Extracted data entries:
= = = = =

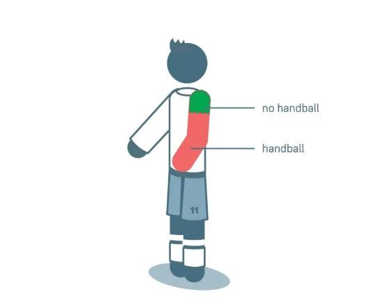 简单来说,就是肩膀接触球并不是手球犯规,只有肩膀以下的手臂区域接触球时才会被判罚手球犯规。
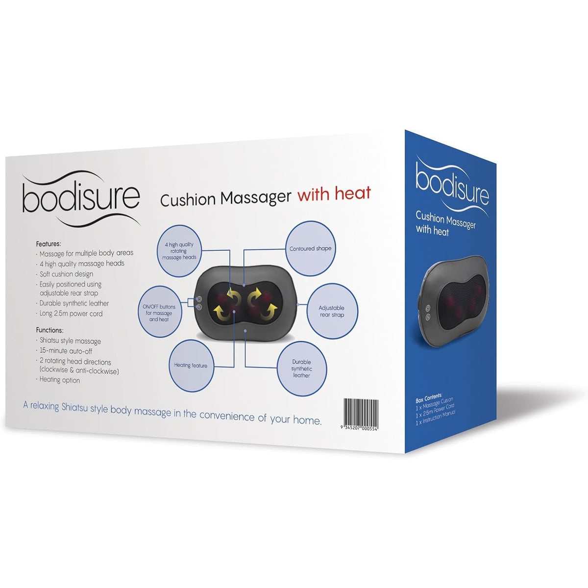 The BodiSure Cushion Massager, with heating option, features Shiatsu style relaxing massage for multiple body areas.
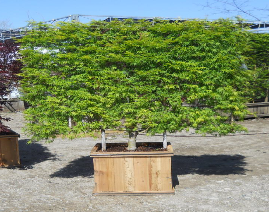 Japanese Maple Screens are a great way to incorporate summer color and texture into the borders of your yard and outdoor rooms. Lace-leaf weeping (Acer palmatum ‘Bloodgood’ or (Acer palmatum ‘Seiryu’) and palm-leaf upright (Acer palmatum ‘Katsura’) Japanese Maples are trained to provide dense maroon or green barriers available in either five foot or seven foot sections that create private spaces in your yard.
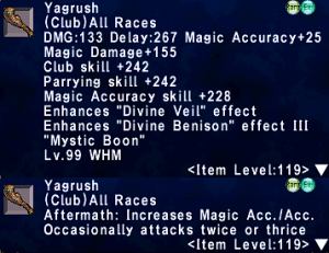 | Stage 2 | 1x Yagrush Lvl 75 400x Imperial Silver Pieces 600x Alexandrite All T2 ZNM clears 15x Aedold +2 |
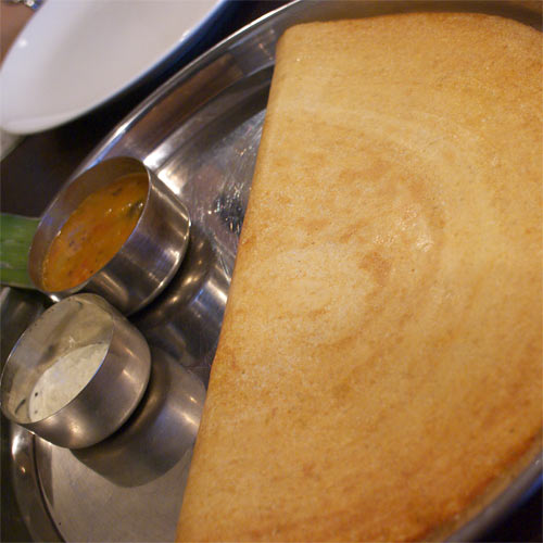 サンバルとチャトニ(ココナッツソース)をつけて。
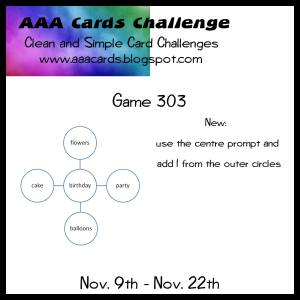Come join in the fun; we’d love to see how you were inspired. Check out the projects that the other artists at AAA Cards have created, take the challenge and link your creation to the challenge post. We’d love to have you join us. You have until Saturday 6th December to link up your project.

= = = = =

WHAT TO DO:
Each line from the one holding "Aedold +2 |" to the end of the records above must be copied exactly; the pictures must not be copied.

RESULT:
 | Stage 2 | 1x Yagrush Lvl 75 400x Imperial Silver Pieces 600x Alexandrite All T2 ZNM clears 15x Aedold +2 |
 サンバルとチャトニ(ココナッツソース)をつけて。
Come join in the fun; we’d love to see how you were inspired. Check out the projects that the other artists at AAA Cards have created, take the challenge and link your creation to the challenge post. We’d love to have you join us. You have until Saturday 6th December to link up your project.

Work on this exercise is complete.